Bannon, come Kirk, ha esortato i suoi sostenitori a dare tempo a Trump per spiegarsi — e dimostrare che non ci saranno conseguenze negative a lungo termine per l’America.

“Un discorso interessante — non sono sicuro che fosse il discorso che i MAGA volevano sentire”, ha detto Bannon dopo le brevi dichiarazioni di Trump, che ha definito “molto aperte”.

Bannon ha detto che questa giornata passerà alla storia come quella in cui gli Stati Uniti “entrano come combattenti nella guerra tra Israele e Persia”.

Kirk ha dichiarato di fidarsi ancora dell’istinto di Trump, definendo il suo curriculum “fenomenale” e citando decisioni tattiche passate, come l’autorizzazione all’uccisione nel 2020 del generale iraniano Qasem Soleimani. Ha detto che Trump aveva esaurito tutti i canali diplomatici, ma ha anche sottolineato che la situazione potrebbe degenerare molto più rapidamente di quanto previsto.

“Quando entri in situazioni del genere, possono facilmente degenerare”, ha detto Kirk ai suoi ascoltatori sabato sera. “Abbiamo davvero eliminato completamente il programma nucleare iraniano? Non lo sappiamo”.

Kirk si è chiesto “quanti americani potrebbero finire nel mirino come risposta” e ha criticato quei repubblicani che festeggiavano i bombardamenti, dicendo: “Quando lo fai, non dovresti provare un brivido lungo la gamba”.

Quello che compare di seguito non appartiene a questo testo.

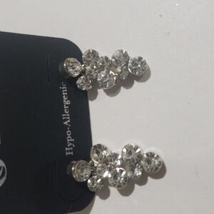 Turn heads with these dazzling RSVP silver-tone drop earrings featuring a cascading cluster of sparkling clear crystals. Designed to catch the light beautifully, these hypoallergenic earrings are ideal for special occasions, parties, or elegant everyday wear. Lightweight and comfortable with a secure post-back closure.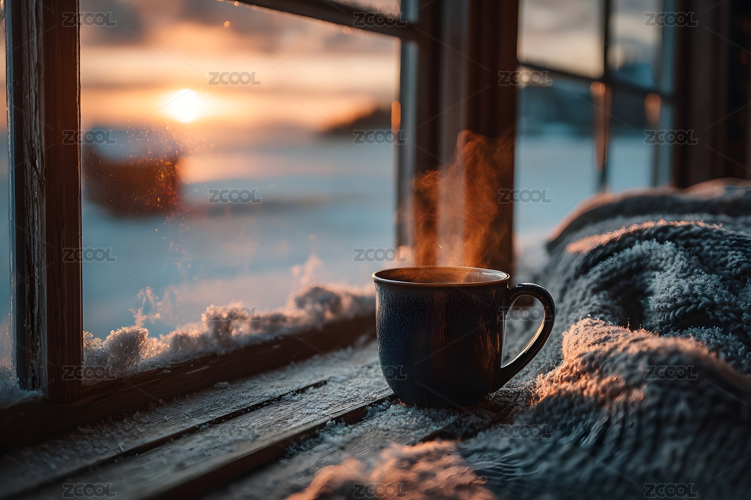 冬日暖阳窗边毛衣热饮温馨时光

Un funzionario statunitense a conoscenza dell’operazione ha affermato che l’attacco ha coinvolto non solo bombardieri B-2, come ampiamente previsto, ma anche altri aerei, inclusi caccia. Numerose bombe da 30.000 libbre capaci di penetrare i bunker, note nell’Aeronautica come Massive Ordnance Penetrators, sono state sganciate, ha detto il funzionario in anonimato data la sensibilità dell’operazione.

Tutti riconoscono che Trump potrebbe subire un contraccolpo da parte dei suoi sostenitori più giovani.

“La Gen Z dice a gran voce: ‘Perché stiamo mettendo un altro Paese davanti ai nostri problemi interni?’”, ha detto Jack Posobiec, altro influente commentatore della destra americana.

Trump, tuttavia, ha sempre mostrato sentimenti contraddittori verso il potere militare. Sebbene abbia più volte dichiarato di voler vincere il Nobel per la pace e di voler concludere le guerre, non iniziarle, negli ultimi giorni ha messo in mostra una potenza militare che la maggior parte dei presidenti recenti ha evitato.

Solo una settimana fa, sorrideva mentre osservava una parata militare massiccia dell’esercito americano nel centro di Washington, per celebrare il 250° anniversario dell’Esercito. (Era anche il 79° compleanno di Trump.) Pochi giorni prima, aveva schierato Marines e Guardia Nazionale in California per reprimere le proteste contro i rastrellamenti di immigrati.

“Non c’è esercito al mondo che avrebbe potuto fare ciò che abbiamo fatto stasera”, ha detto Trump sabato. “Nemmeno vicino”.